While the semiconductor chip shortage has limited the supply of smartphones and laptops, the ripple effects of this dearth extend beyond the smart device market. Automotive manufacturing relies on chips, and Ford recently announced that it was decreasing F-150 production due to the semiconductor shortage.

So how did we get to this point, and how will the shortage transform industries moving forward?

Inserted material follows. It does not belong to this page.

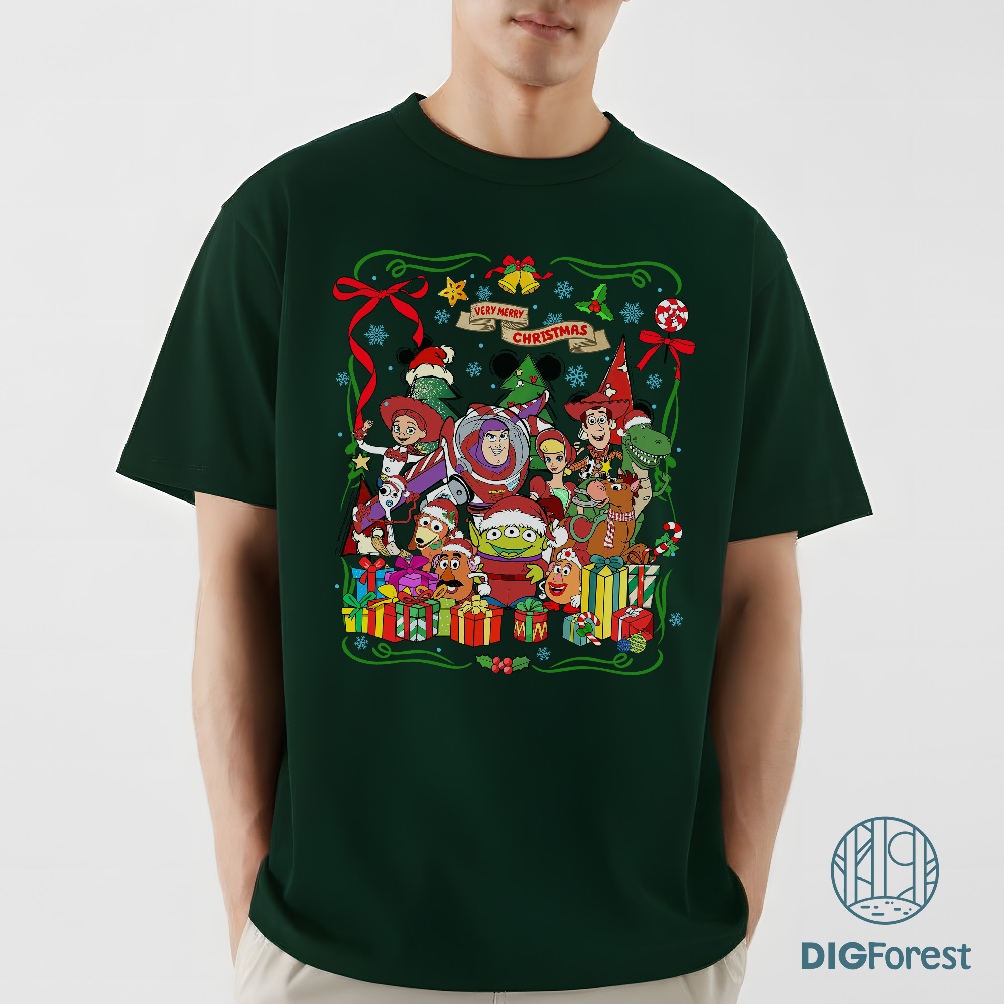 Disney Toy Story Christmas Lights PNG – Buzz Woody Jessie Slinky Xmas PNG, Mickey and Friends Christmas Group PNG
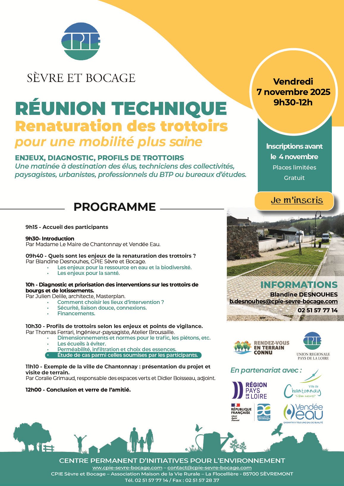 Réunion technique "Renaturation des trottoirs pour une mobilité plus saine" à Chantonnay. Une matinée à destination des élus, agents des collectivités, urbanistes, paysagistes, en présence de Julien Delile, architecte-urbaniste chez Masterplan et Thomas Ferrari - Ingénieur Paysagiste chez Atelier Brousaille.

Trade wars, COVID-19, and bottlenecks

Gaurav Gupta, VP analyst at Gartner, detailed some of the factors behind current shortages such as COVID-19 shifting demand toward hyperscale servers and consumer electronics to enable remote work and distance learning. He also mentioned the trade war between the United States and China, stating that this led Huawei and the company’s competitors to stock inventory in the second half of 2020 and caused “high foundry utilization.” Additionally, sanctions on SMIC, a Chinese semiconductor foundry, caused the company’s customers to seek foundry alternatives, “further stressing foundry capacity,” Gupta said.

SEE: Hardware inventory policy (TechRepublic Premium)

Frank Kenney, director of strategy at Cleo, described the situation as a “perfect storm” of sorts making note of factors ranging from increased demand since “everything now has chips” to shuddered warehouses. But there are also logistics and cargo bottlenecks to consider. For example, Kenney said the cost of moving a shipping container is now considerably more expensive “than it was 18 months ago” and referenced “extensive delays” at several ports along the west coast requiring companies to reserve cargo space “months in advance.”

“It’s a cluster at this point,” Kenney said.

Bringing chip production in-house

Last year, Apple announced that it would start designing its own chips and the first products containing its M1 chips were released in 2020. We previously featured a story about Facebook designing its own chips and how this could help the company compete with other tech giants. Could the current semiconductor chips shortage spur other companies to begin manufacturing their own chips rather than remain at the behest of other manufacturers?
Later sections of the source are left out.